Thursday, June 16, 2011

Review of An Introduction to Machine Learning with Web Data by Hilary Mason

An Introduction to Machine Learning with Web Data by Hilary Mason; O'Reilly Media.

The video itself is presented in five sections: (1) Introduction, (2) Classifying Web Documents - The Theory, (3) Classifying Web Documents - The Code, (4) Clustering , Recommendations, and Probability, and (5) Conclusion. In short, the video Hilary uses web based data to show the audience how to work with data to solve problems you may have by using basic machine learning techniques. The video is particularly directed at programmers who do not have statistical training.  
The viewer will sit with a group of a few other students and feel the imtimate setting of a small classroom.
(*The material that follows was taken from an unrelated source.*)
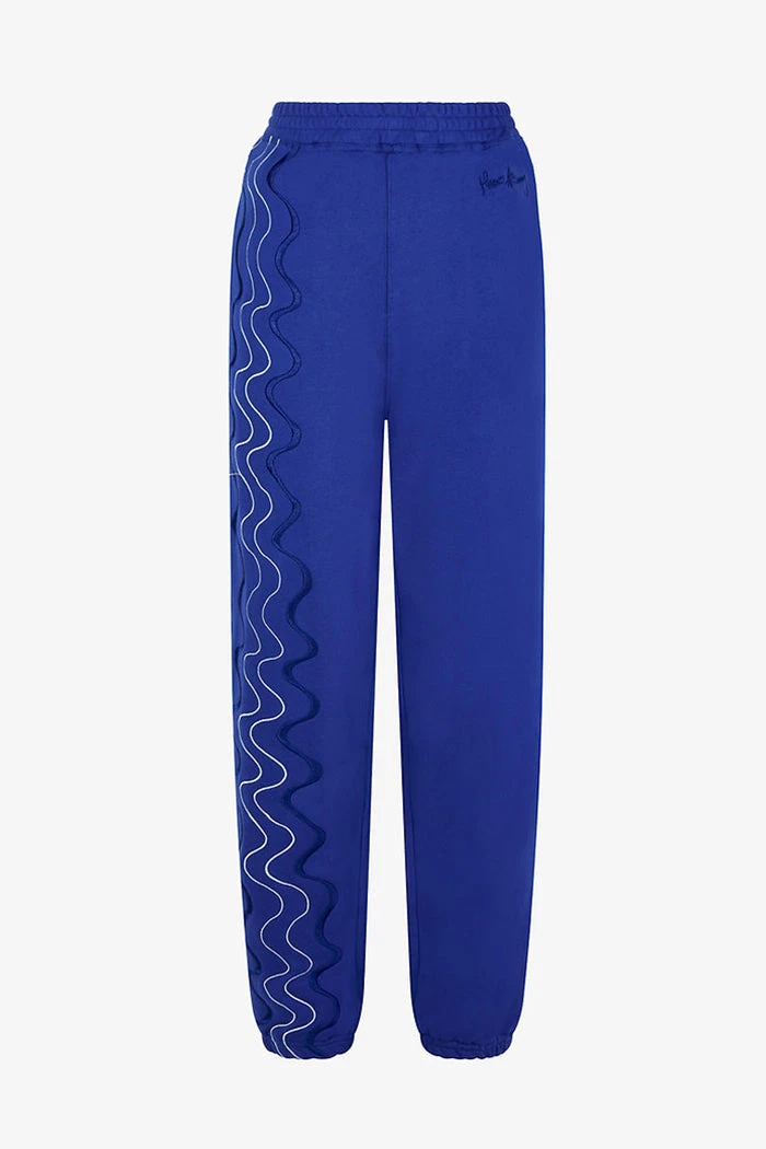 House of Sunny Make it Rain royal blue sweatpants with abstract wave embroidery. These sweats have an elasticated waistband and cuffed hem. A wavy, multicolour embroidery climbs up along the right leg, with a logo embroidery atop the left.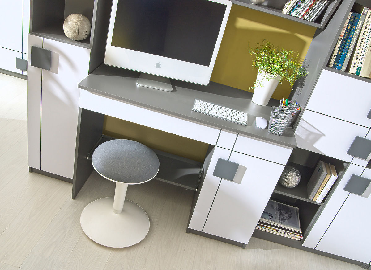 Sodobna pisalna miza Gumi iz laminata je primerna za otroške sobe tako za fante kot punce. Barvna kombinacija bele in antracitno sive je moderna. Pod vrhom mize .. več

For myself, a video where you can re-watch segments, stop the video to reference a suggested resource, or pause to experiment with a variant of the code is both helpful and handy. For example, in the introduction, Hilary references a link (http://bit.ly/9RYQEF) that explans the concept of "data science." At that point, I paused the video and browsed to the link and found it quiet informative. By the second section, Classifying Web Documents - The Theory, the audience is gently taken into statistical techniques such as naive bayes and shown a step-by-step approach in how the math is applied. In the  Classifying Web Documents - The Code, the participant utilizes python code and the New York Time API to classify words from the New York Times web site. Within the Clustering, Recommendations, and Probability video the viewer is taken through code that demonstrates how to take data with which little is known and learn from the clustering results. Finally, the conclusion section deals briefly with the concepts of probability and then reviews the entire sessions content. 
While being able to navigate around in python is beneficial and by following along with the running of the code one can learn and retain more information, the participant can just view the video content as both the code and concepts are displayed and explained. What is nice is Hilary provides the code used in the video from her Git repository at https://github.com/hmason/ml_class. If the viewer wants to participate she will need to make sure that they have the proper python modules installed. 
In conclusion, the software developer that has little more than the required stats college class would do well to purchase this video. Seeing the actual application of code to the basic statistical algorithms is extremely informative and applicable in various problem domains.